Chandler co-wrote lyrics for a Choir song for the first time on this album, providing the second verse to Kissers and Killers title track. The lyric "My brother is a broker" was inspired by the actual career of Michaels' brother, and Hindalong claimed the message of the lyrics was essentially an early version of "What You Think I Am" on 2014's Shadow Weaver.

==Release==
Kissers and Killers was released independently on CD and cassette in March 1993. According to Hindalong, only 6,300 copies were made.

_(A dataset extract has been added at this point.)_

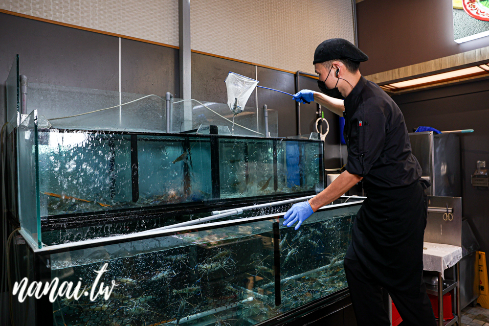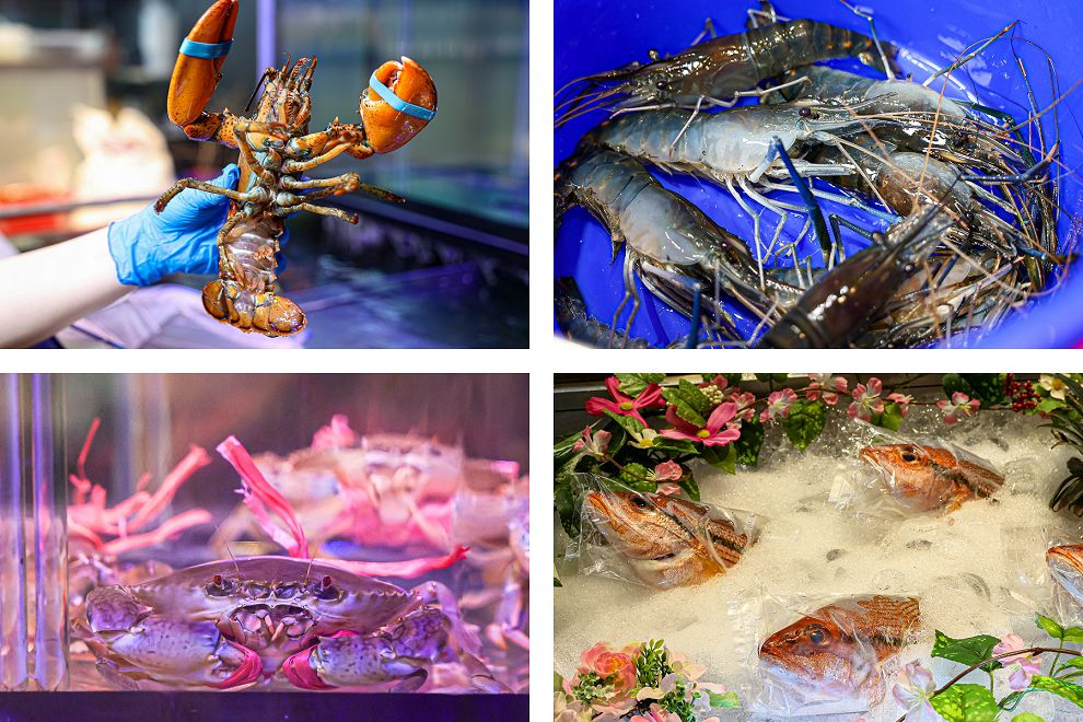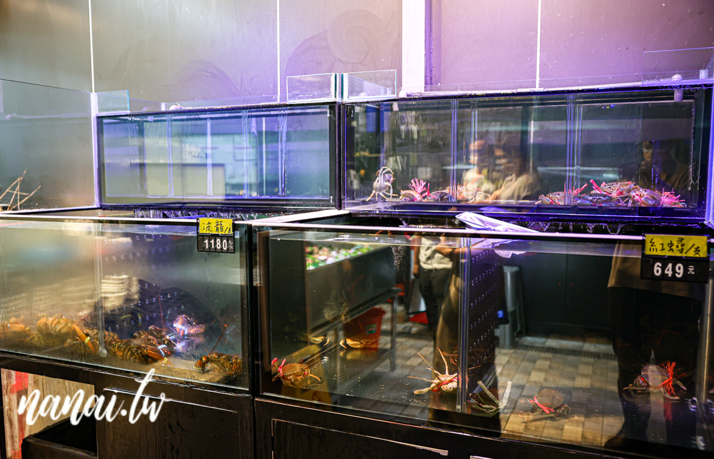 最讓我期待的就是現撈海鮮區了!身為海鮮控,一看到「現撈」兩個字整個超興奮。一進去就看到兩個水族箱,裡面活蹦亂跳的海鮮超吸睛,雖然泰國蝦不能指定,但龍蝦、魚、螃蟹都能挑自己喜歡的尺寸。

===Kissers and Killers — The Acoustic Sessions===
In early 2018, the band mounted a Kickstarter campaign for a newly-recorded acoustic version of Kissers and Killers, which would also include a 25th anniversary remastered version of the original 1993 release. In July 2018, both The Acoustic Sessions and the newly-remastered version of the album were released on streaming services and CD, with the remastered album also receiving a vinyl release; this was the first time Kissers and Killers was issued on the latter format, and it came in red and white vinyl options. The two-CD set included both The Acoustic Sessions and the remastered album on separate discs. In August 2020, the band also released a digital download of audio commentary for each of the album's eight tracks from Hindalong, Daugherty and Michaels.

==Critical reception==

Kissers and Killers was received well upon initial release. Writing for CCM Magazine, Bruce A. Brown said that the "fully realized songs" are "as good as any the band has ever written," pointing out that Kissers and Killers was "more of a transitional work, probably more indicative of where the band is headed than where it is at the moment." Brown highlighted Daugherty's musical contributions, saying that his "distortion-soaked guitar is right in your face, a counterpoint to his mellow voice." Brown also praised Hindalong's "delicate wordplay" on "Grace" as well as "the late Mark Heard's accordion flourishes" on "Let the Sky Fall." In the lead review for the July/August 1993 issue of Notebored, critic Steven L. Roth highlighted the impact of 1990s-era rock by stating that the album was "buried under a little more reverb and distortion than what they’ve recorded in the past, indicating a faint signal of how far and wide the 'industrial revolution' has spread." On the shift in lyrical focus, Roth added that "it is on Kissers and Killers that this tangled and painfully real representation of the little thing we call love is further expanded and scrutinized," and praised Hindalong's "resistance to conventionality" for "juxtaposing apples and oranges in an effort to avoid anything remotely close to a cliché." Liz Liew, writing for Cross Rhythms, said that on Kissers and Killers, "Derri's guitar effects are more expressive, pronounced and creative," and added that the album should give the Choir a "well-deserved break with a mainstream label."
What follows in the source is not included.